Persian-period southern Levantine White ware
Israel/Hula Valley, Israel/Northern Coastal Plain, Lebanon/Southern Coast, Turkey/Eastern Mediterranean/Cilicia/Hatay
6th - 4th centuries BCE
Achaemenid Persian
General Information
White wares were made in many production centers of the southern and central Levant beginning in the 6th century BCE; their appearance is generally associated with the western regions of the Achaemenid Persian empire. Potters produced a similar range of shapes: carinated cups, small bottles and juglets, column kraters, large grinding bowls (mortaria), and large flat-shouldered jars (torpedo jars). All of these shapes are common in the Persian Period Levant, at sites as far apart as Kinet Höyük in eastern coastal Cilicia to Tel Dor, a coastal site south of the Carmel Mountains (e.g., Lehmann 1998).

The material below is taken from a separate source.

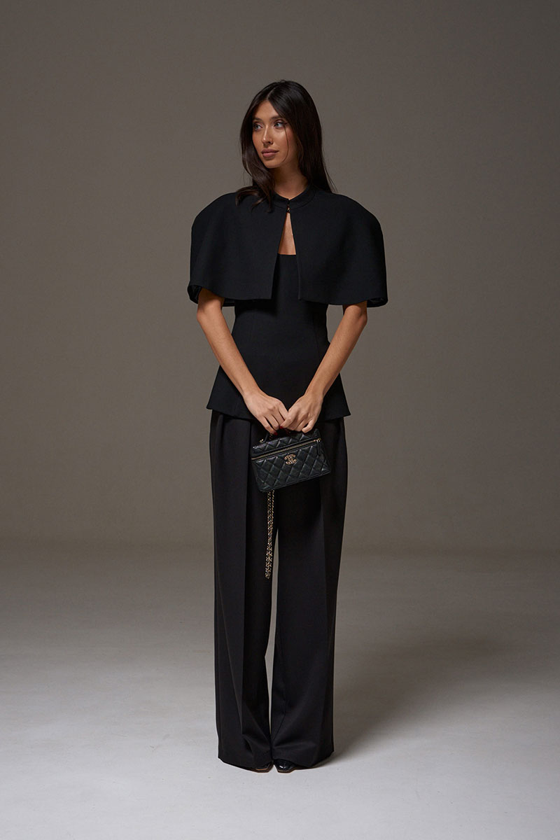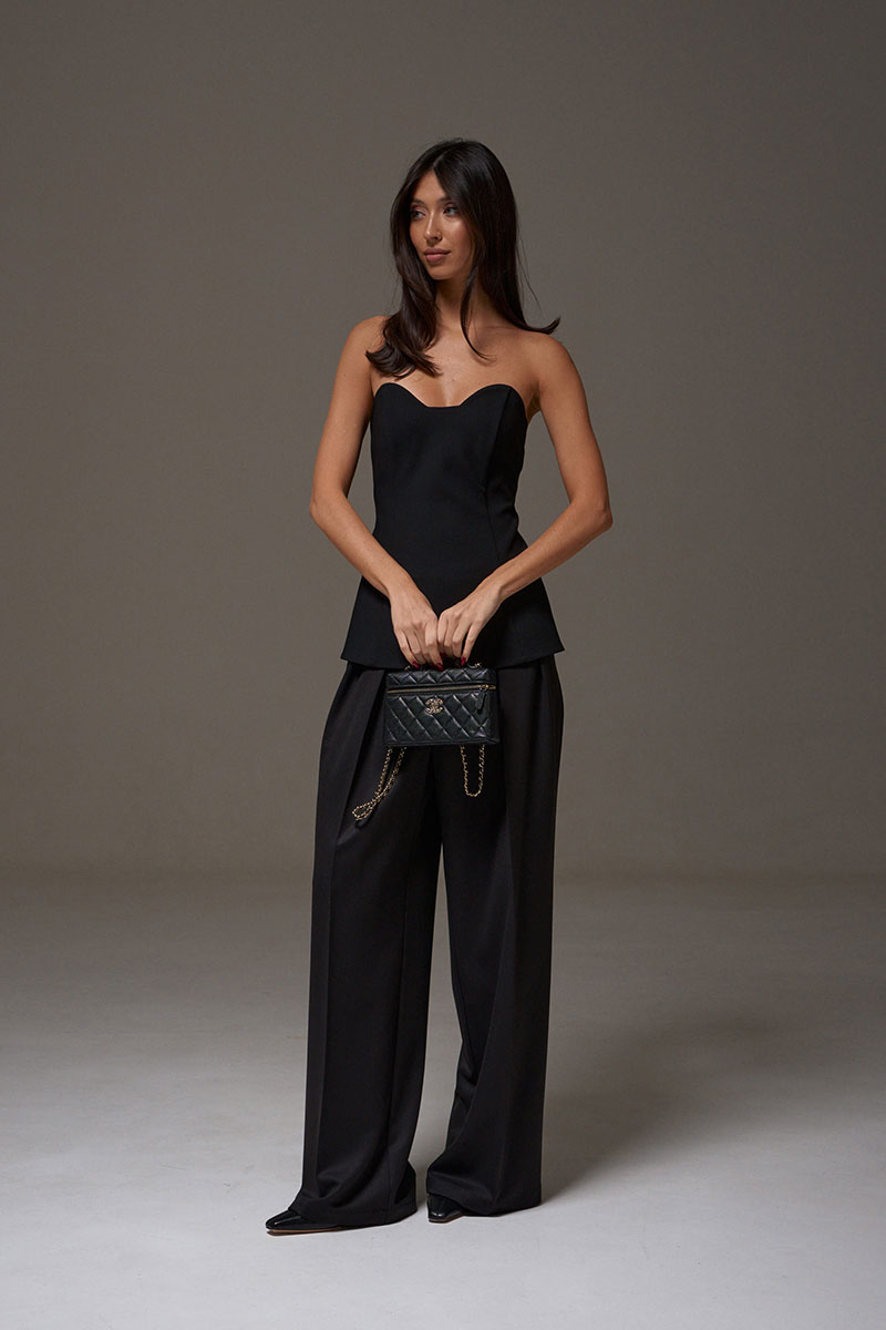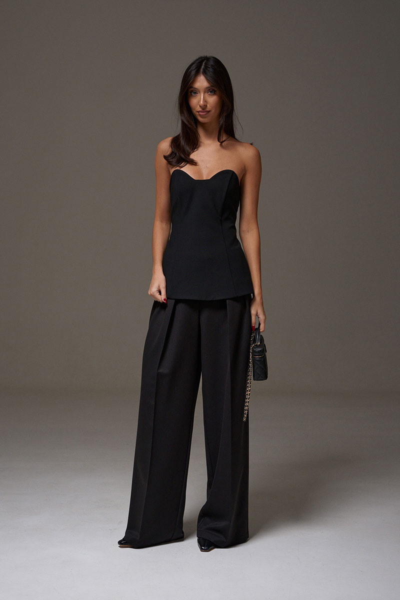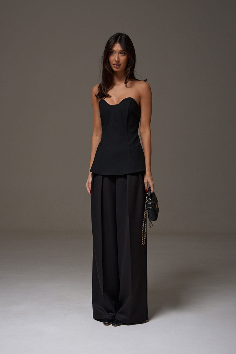 Блузон с фигурным вырезом выполнен из костюмного полотна черного цвета. Характеристики: прилегающий силуэт, подкладка, фигурный вырез горловины, по передней части изделия и в боковых швах упругие узкие пластины, по заднему полотну в среднем шве потайная молния.
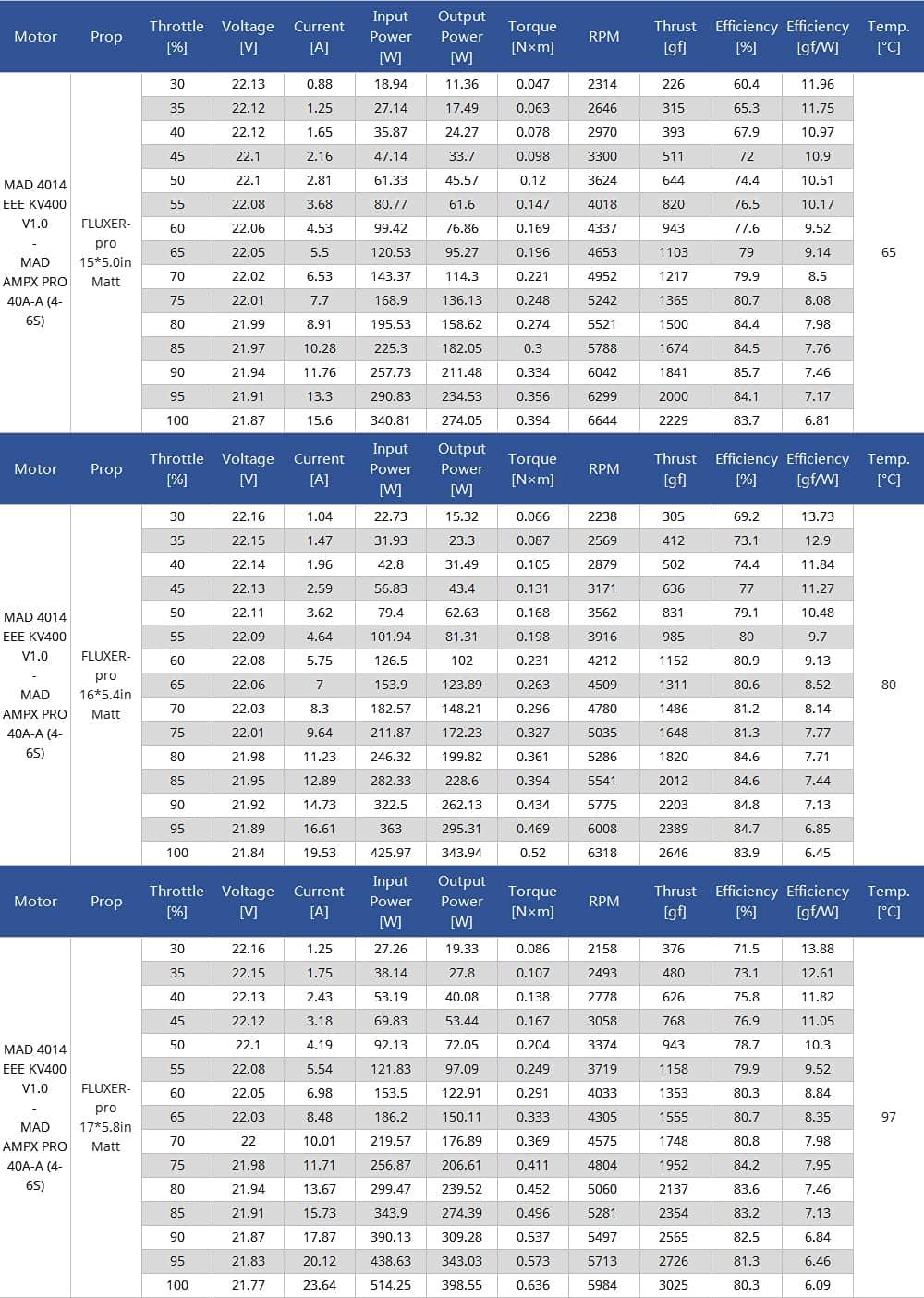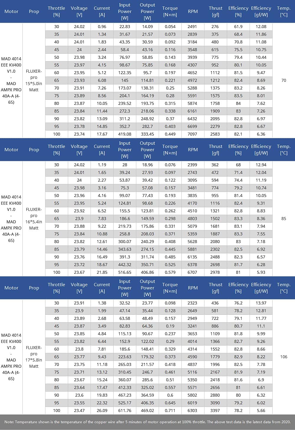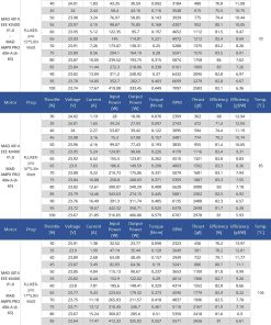 MAD 4014 EEE motor brushless potente y de alto empuje para multirotor agrícola con 15-17 IN PROP. Diseñado para transportar una carga de 600-2000g por motor, con hélice de 15-17 pulgadas. Soporta Li-ion 6S-12S. El mayor empuje de un solo rotor es de hasta 4300g. El peso del motor es de 154g. Diseño de versión de reducción EEE para minimizar el peso, mejorar la eficiencia del sistema y aumentar el tiempo de vuelo. Motor MAD 4014 EEEConfiguración 18N24P, Tamaño del estator 40X14mm, Dimensiones del motor 44.9X31.7mm, Grado de cable barnizado de 120 alto grado de temperatura, Grado de imán de 180 alto grado de temperatura, Grado de Protección resistencia a la lluvia, KV 400KV, Voltaje nominal 6S, Corriente sin carga 1.12A, Resistencia interna 123m, Peso del motor 154g, Corriente máxima 23.25A, Cable 150mm, Disipación de calor centrífuga SI, Rotor equilibrado 5Mg, Prueba de presión de alambre 500V CA, Orificios de montaje de la hélice 12-M3 4, Montaje del motor 32-M2.5 3/ 25-M3 4, Tamaño de la caja 110mmX110mmX50mm, Potencia máxima 558W, Empuje máximo 3157g, Par máximo 0.87N m, ESC recomendado MAD 40A ESC, Hélice recomendada FLUXER 15′-17′, Peso de despegue del rotor 15’/1.0kg, 16’/1.3kg, 17’/1.5kg, Peso de despegue del motor 17’/4kg-quadcopter,6kg-hexcopter,8kg-octcopter

White ware fabrics are moderately hard, semi-fine to coarse, and often with a porous surface texture. As the name implies vessels are very light in color, usually pale pink in section (2.5YR 6/6-2.5YR 7/6), and often slipped with a matte cream (7.5YR 8/3) or light green slip (2.5Y 8/3). Frequent small rounded voids can be seen on the surface, and moderate small to medium red and black inclusions are present, with occasional larger rounded black pellets. Vessel walls range from 0.4 – 1 cm in thickness.
Petrographic analysis of 11 white ware vessels found at the site of Tel Kedesh, in the eastern Upper Galilee of Israel, showed that nine were made of foraminiferous marl, which is consistent with production in the Hula Valley or the foothills of Mt. Hermon, suggesting that these vessels had a local origin. However, two sampled examples were made from the ophiolitic clays of Cyprus or Cilicia, indicating that these were imported.
Moderately hard semi fine fabric with frequent small rounded voids on the surface, giving it a porous appearance, and frequent small to medium red and black sub rounded inclusions and occasional large round inclusions. Ware is generally similar in appearance to white wares produced throughout the Levant in the Persian period, like coastal plain ware.